Installing Veeam Endpoint Backup FREE

Veeam endpoint backup free logo with ribbon for "beta available"

Jan 6, 2015 by Jason Thomas

Veeam Endpoint Backup FREEVeeam Endpoint Backup FREE is Veeam’s new beta for physical backups to an internal or external hard drive, a NAS share or a Veeam Backup Repository. For a free product, it works really well. You’re able to protect files, volumes or your entire computer. Veeam says that the general availability release will be in early 2015.

Veeam Endpoint Backup FREE creates Microsoft VSS snapshots to perform consistent backups and utilizes a forever incremental retention policy. This saves space as each backup is only a incremental update. The product utilizes the same file structure that the enterprise backup solution uses. If you’re a current Veeam customer you will feel at home with the standard .vbk full with .vib updates.

To perform bare-metal restores or start failed systems, Veeam Endpoint Backup FREE creates bootable recovery media.

System Requirements

  • x86-x64 processor
  • 2 GB RAM
  • One of the following Operating Systems

Microsoft Windows Server 2012 R2

Microsoft Windows Server 2012

Microsoft Windows Server 2008 R2 SP1

Microsoft Windows 8.x

Microsoft Windows 7 SP1

SQL Database Requirements

Microsoft SQL Server 2012 Express LocalDB Edition

Microsoft SQL Server System CLR Types

Microsoft SQL Server 2012 Management Objects

Microsoft .NET Framework 4.0

In the case of older OS windows 7 etc.,  machine needs .NET Framework 4.0

Setting up Veeam Endpoint Backup FREE

Like I said, one really nice feature is that it can create bootable recovery media. After you initiate the installation, it will ask you to specify your bare metal recovery media options. You can skip it if you want but it’s an excellent thing to have around.

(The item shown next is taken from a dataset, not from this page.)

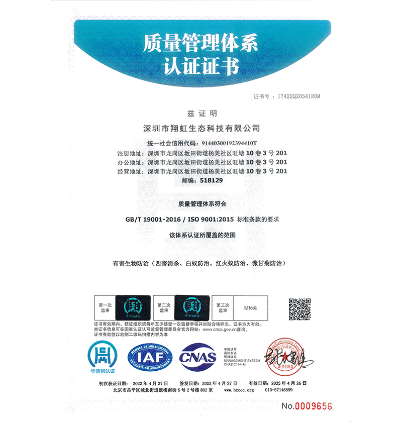 深圳市翔虹生態(tài)科技有限公司成立于1995年,是深圳最早成立的專業(yè)蟲害防治公司之一。公司發(fā)展至今獲得全國有害生物防制服務(wù)A級資質(zhì)、廣東省有害生物防制服務(wù)A級資質(zhì)、深圳市有害生物防制服務(wù)A級資質(zhì)、廣東省有害生物防制服務(wù)A級資質(zhì)、深圳市有害生物防制服務(wù)甲級資質(zhì)的單位,是中國有害生物防治協(xié)會會員、廣東省有害生物防治協(xié)會會員、深圳市有害生物防治協(xié)會理事單位,多次獲得“深圳市十佳消殺單位”榮譽。

If you decide to skip it upon intial setup, you can go back and create it at any time. You can also create Advanced Recovery, which will back up all the drivers you’d need — this is great for a small office with varying computer brands.

After you’ve set up your bootable recovery media (or skipped this step), you will be prompted to configure your backup. You can back up your entire computer, only selected volumes, or granulate to a file level.


You will also be prompted to choose where you’d like to store your backups. If you’re using an external hard drive or flash drive or backing it up to a NAS or file server. If you’ve got Veeam v8 and you’d like it to go on the Veeam backup repository, you can choose that in an upcoming beta release (it’s not available yet):


Here you can configure when you want Veeam Endpoint Backup FREE to automatically start your backup job. You don’t have to schedule it either; you can program it to automatically start at storage attach. If you’re only backing up at a file level, you don’t have to program it at all.


What’s great about this product is that it also has restore point details, which keeps a log of all its activity:


As you can see, installing and configuring Veeam’s new physical backup product, Veeam Endpoint Backup FREE, is fairly simple. As for whether or not this is a beginning step in Veeam’s journey towards integrating more physical backups into its virtual software, we’ll see.

You can get the beta on Veeam’s site.